# [ASSIGNMENT]
If an entry below holds a picture, leave the picture out and print the rest exactly.

......

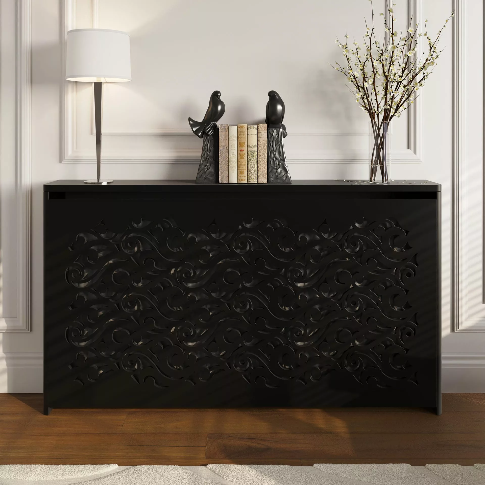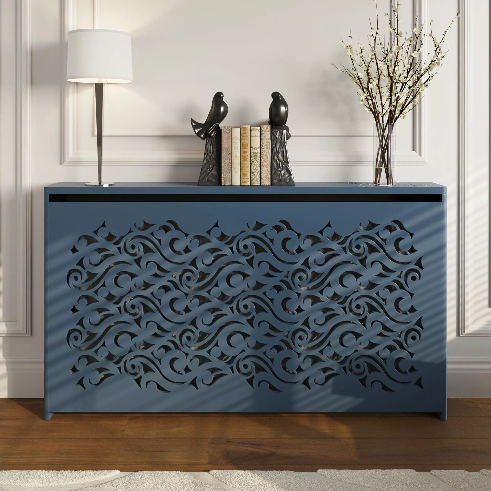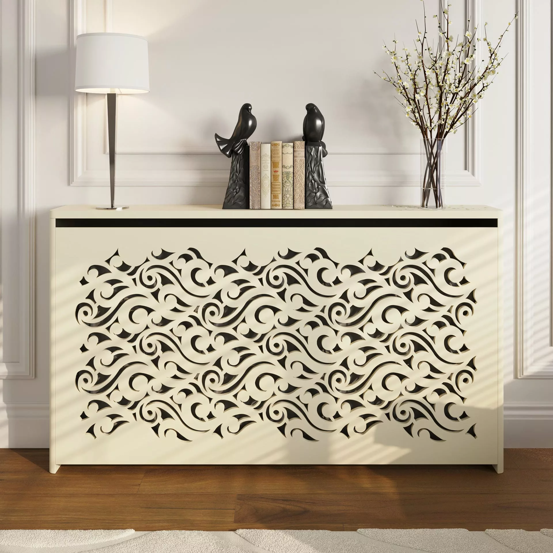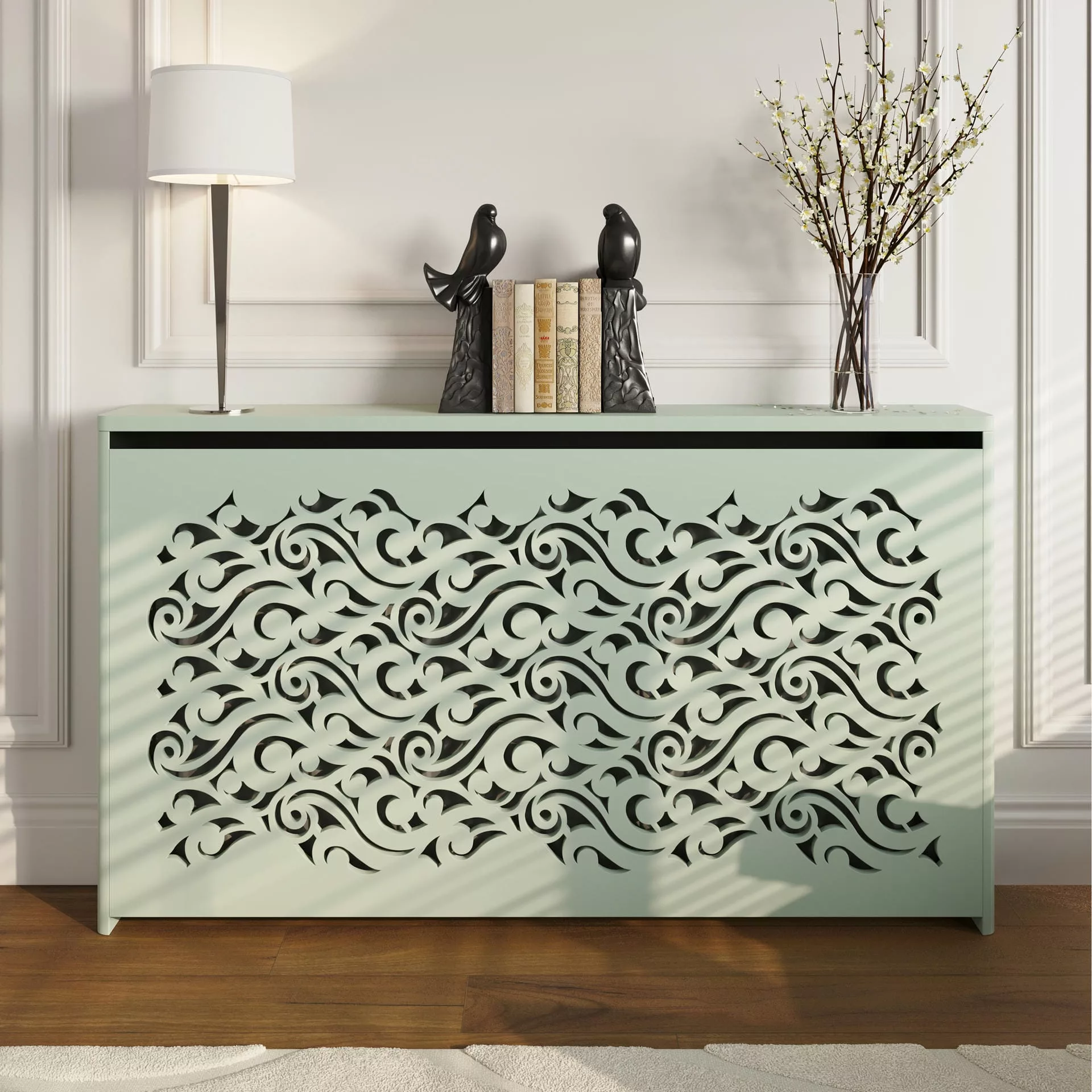The exuberant, romantic design of this floor-standing cabinet creates an eye-catching statement in your home while also concealing your radiator and providing shelving for homeware accessories.
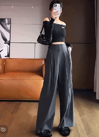 别看是一条阔腿裤,上身就知道了,小心机拉满,显腿长显个儿高显腰细显臀翘,型还是有的!
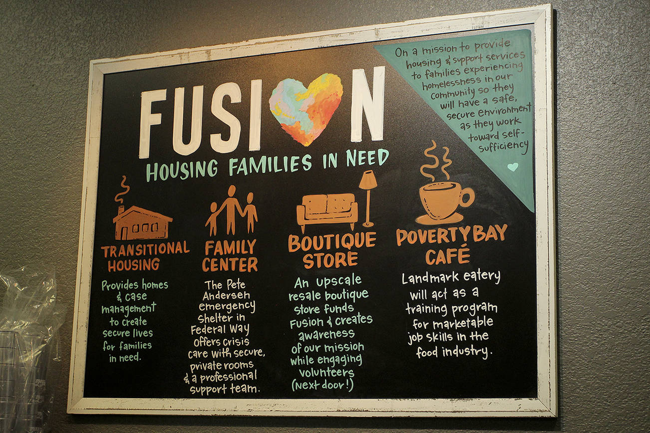 The nonprofit provides over 20 transitional housing homes for families in need and operates an upscale resale furniture boutique, along with Federal Way’s first shelter for unhoused families. The cafe is FUSION’s first venture into the restaurant industry.
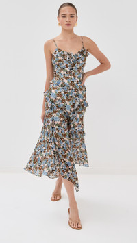 - Fabric: Lightweight, low-stretch silk chiffon - Ruffle trim and handkerchief hem - Floral print and jacquard stripe pattern - Thigh-high slit - Cut on the bias for slight stretch - Midi length - V neck - Adjustable shoulder straps - Hook-and-eye and hidden zip at side - Shell: 100% silk - Partially lined - Lining: 100% polyester - Dry clean - Imported, China Style #VBEAR32888 Size & Fit Designed with a body-skimming, midi-length silhouette. Silk fabric has a smooth feel. Shopbop’s expert stylist says: Runs true to size Model measurements: Size 0: Margaret (5'11") usually wears size 0 Measurements from size 0 Length: 52in / 132.0cm, from shoulder
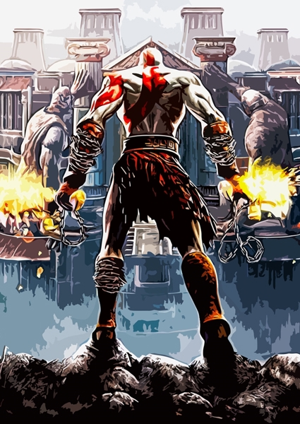 "Bůh války Kratos" poster od FELBERTA 4. Kratos stojí zády a připravuje se na bitvu, jeho svalnatá postava je ozářena plameny z rozžhavených čepelek. Monumentální řecká architektura v pozadí dodává scéně epický rozměr. Tenhle obraz není jen o síle – je to výzva, vzpomínka na legendární dobrodružství plné adrenalinu a nekompromisního boje. Pro fanoušky her a retro stylu je to přesně ten kousek, co rozproudí atmosféru v každém herním koutě.
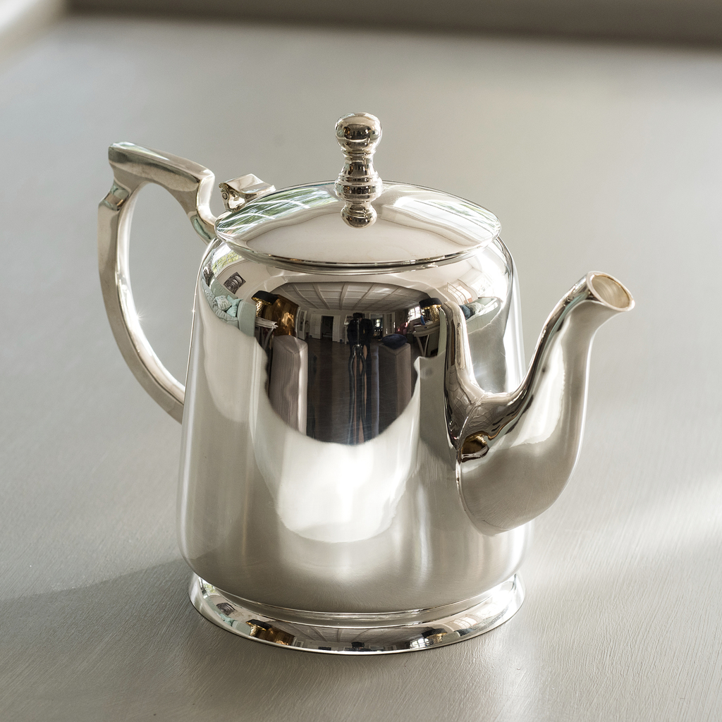 Wenig steht deutlicher für den kolonialen Nachklang des britischen Empire als Tee. Und konsequenterweise gehören dazu selbstverständlich Teeservices wie dieses: Formal lehnt es sich an koloniale Vorbilder aus dem ausgehenden 19. Jahrhundert an – schlicht, mit nur minimal ornamentierten Henkeln und großen, glatten Flächen, die den frostigen Glanz des blanken Silbers gut zur Geltung bringen. Daneben verdankt es seine Existenz einem interessanten Nebenaspekt der britischen Kolonialgeschichte: dem Export von Handwerkstradition und -wissen. Man kann daher behaupten, dass dieses Service durch und durch in der großen Tradition der englischen Silberwarenherstellung des 19. Jahrhunderts steht, obwohl wir es in Indien herstellen lassen. Bewusst ohne Anlaufschutz für echten Silberglanz. Von Zeit zu Zeit sollten die Teile daher poliert werden.

......

# [RESPONSE TO THE EXERCISE]
The exuberant, romantic design of this floor-standing cabinet creates an eye-catching statement in your home while also concealing your radiator and providing shelving for homeware accessories.
 别看是一条阔腿裤,上身就知道了,小心机拉满,显腿长显个儿高显腰细显臀翘,型还是有的!
 The nonprofit provides over 20 transitional housing homes for families in need and operates an upscale resale furniture boutique, along with Federal Way’s first shelter for unhoused families. The cafe is FUSION’s first venture into the restaurant industry.
 - Fabric: Lightweight, low-stretch silk chiffon - Ruffle trim and handkerchief hem - Floral print and jacquard stripe pattern - Thigh-high slit - Cut on the bias for slight stretch - Midi length - V neck - Adjustable shoulder straps - Hook-and-eye and hidden zip at side - Shell: 100% silk - Partially lined - Lining: 100% polyester - Dry clean - Imported, China Style #VBEAR32888 Size & Fit Designed with a body-skimming, midi-length silhouette. Silk fabric has a smooth feel. Shopbop’s expert stylist says: Runs true to size Model measurements: Size 0: Margaret (5'11") usually wears size 0 Measurements from size 0 Length: 52in / 132.0cm, from shoulder
 "Bůh války Kratos" poster od FELBERTA 4. Kratos stojí zády a připravuje se na bitvu, jeho svalnatá postava je ozářena plameny z rozžhavených čepelek. Monumentální řecká architektura v pozadí dodává scéně epický rozměr. Tenhle obraz není jen o síle – je to výzva, vzpomínka na legendární dobrodružství plné adrenalinu a nekompromisního boje. Pro fanoušky her a retro stylu je to přesně ten kousek, co rozproudí atmosféru v každém herním koutě.
 Wenig steht deutlicher für den kolonialen Nachklang des britischen Empire als Tee. Und konsequenterweise gehören dazu selbstverständlich Teeservices wie dieses: Formal lehnt es sich an koloniale Vorbilder aus dem ausgehenden 19. Jahrhundert an – schlicht, mit nur minimal ornamentierten Henkeln und großen, glatten Flächen, die den frostigen Glanz des blanken Silbers gut zur Geltung bringen. Daneben verdankt es seine Existenz einem interessanten Nebenaspekt der britischen Kolonialgeschichte: dem Export von Handwerkstradition und -wissen. Man kann daher behaupten, dass dieses Service durch und durch in der großen Tradition der englischen Silberwarenherstellung des 19. Jahrhunderts steht, obwohl wir es in Indien herstellen lassen. Bewusst ohne Anlaufschutz für echten Silberglanz. Von Zeit zu Zeit sollten die Teile daher poliert werden.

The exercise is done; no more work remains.